By beled | October 1, 2018

Extract from the June 2018 quarterly report:

As stated in our previous report, we believe that Trump is using tariffs as a negotiating tactic to level an undoubtedly tilted playing field and that contrary to popular perception average global tariffs ultimately may end up lower. Support for this view is the world’s largest free trade agreement recently concluded between the EU and Japan which, although the US was not a party to it, is a step in the right direction.

Rising short term interest rates in the US are of greater concern if the US Federal Reserve (Fed) is too “hawkish” and raises interest rates too much.

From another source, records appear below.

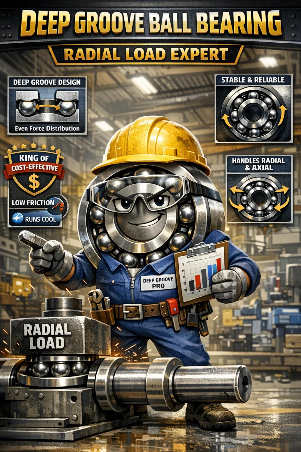 Přestože jeho hlavním úkolem je odolávat radiálním silám, díky hloubce „hluboké drážky“ zvládne i určitou axiální sílu (sílu tlačí hřídel ze strany na stranu). Tato schopnost zvládat radiální i axiální zatížení z něj dělá dnes nejpoužívanější ložisko na světě.
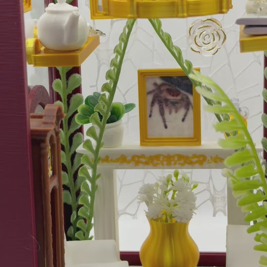 Step into a miniature Victorian sitting room designed especially for your jumping spider. This fully decorated enclosure is thoughtfully styled to resemble a classic parlor, complete with ornate furniture, framed artwork, lush greenery, and warm golden accents.
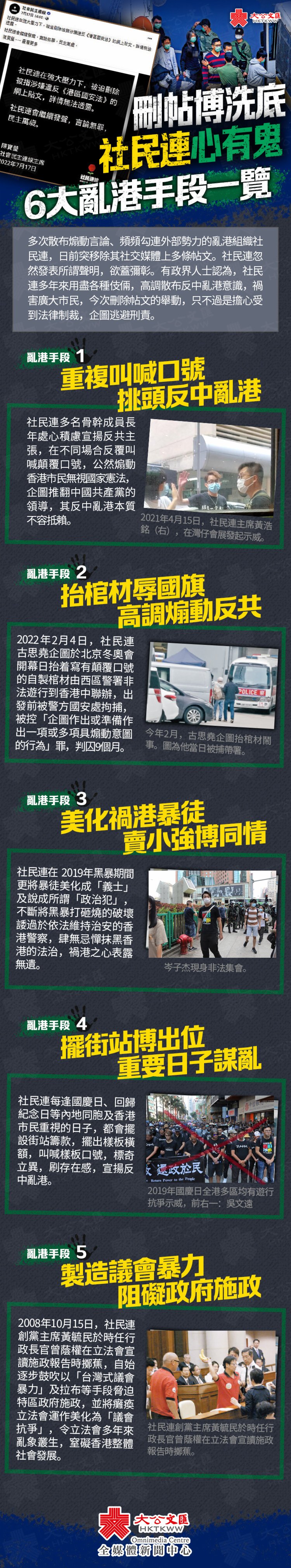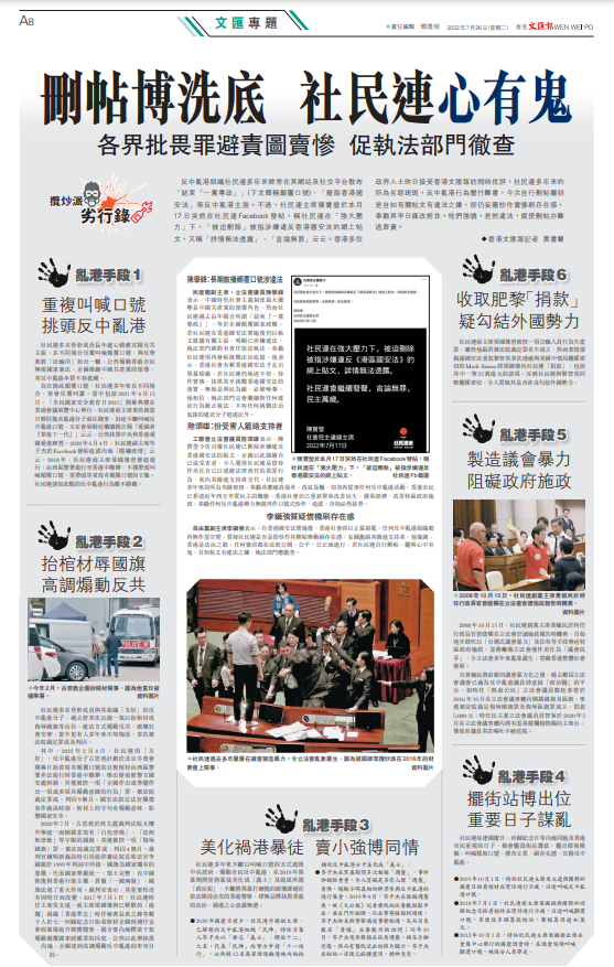 社民連多名骨幹成員長年處心積慮宣揚反共主張,在不同場合反覆叫喊顛覆口號,與反華邪教「法輪功」如出一轍,公然煽動香港市民無視國家憲法,企圖推翻中國共產黨的領導,其反中亂港本質不容抵賴。
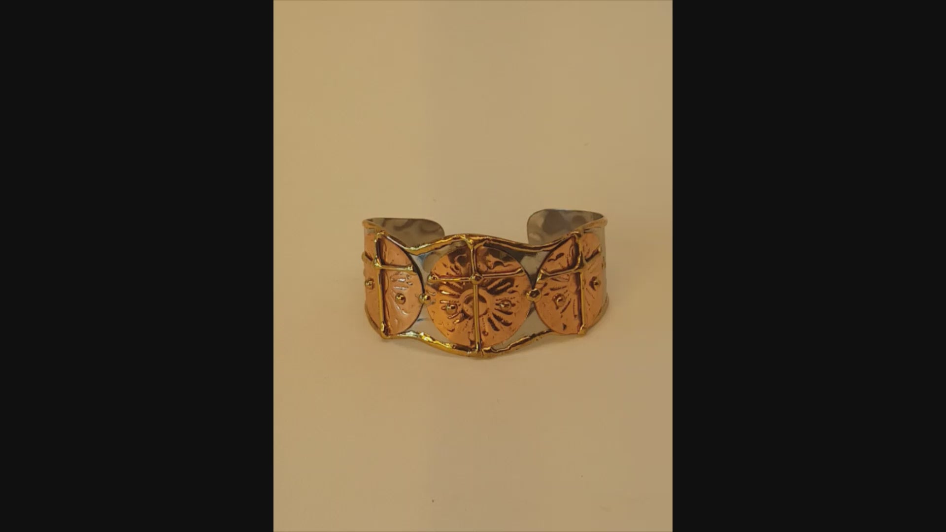 Mixed metals with molten brass work edging. Overlaid with a copper disc pattern.

In the past this has led to yield curve inversion (short rates higher than long rates) followed by economic recession and equity bear markets. This is encapsulated in a model developed by Arturo Estrella and Frederic S. Mishkin of the New York Fed who developed a robust recession-prediction model based on yield curve inversion (“The Yield Curve as a Predictor of U.S. Recessions” 1996). In this paper they claim that the yield curve—specifically, the spread between the interest rates on the ten-year Treasury note and the three-month Treasury bill—is a valuable forecasting tool. It is simple to use and significantly outperforms other financial and macroeconomic indicators in predicting recessions two to six quarters ahead. Although no model is perfect, it is comforting that this model is still showing a low probability of recession (chart 1):

 

Chart 1: New York Fed model and probability of recession in next 12 months

 

We conclude that while there may be volatility due to both the above-mentioned factors, on balance neither yet indicate a negative outlook for both the world economy and equity investments.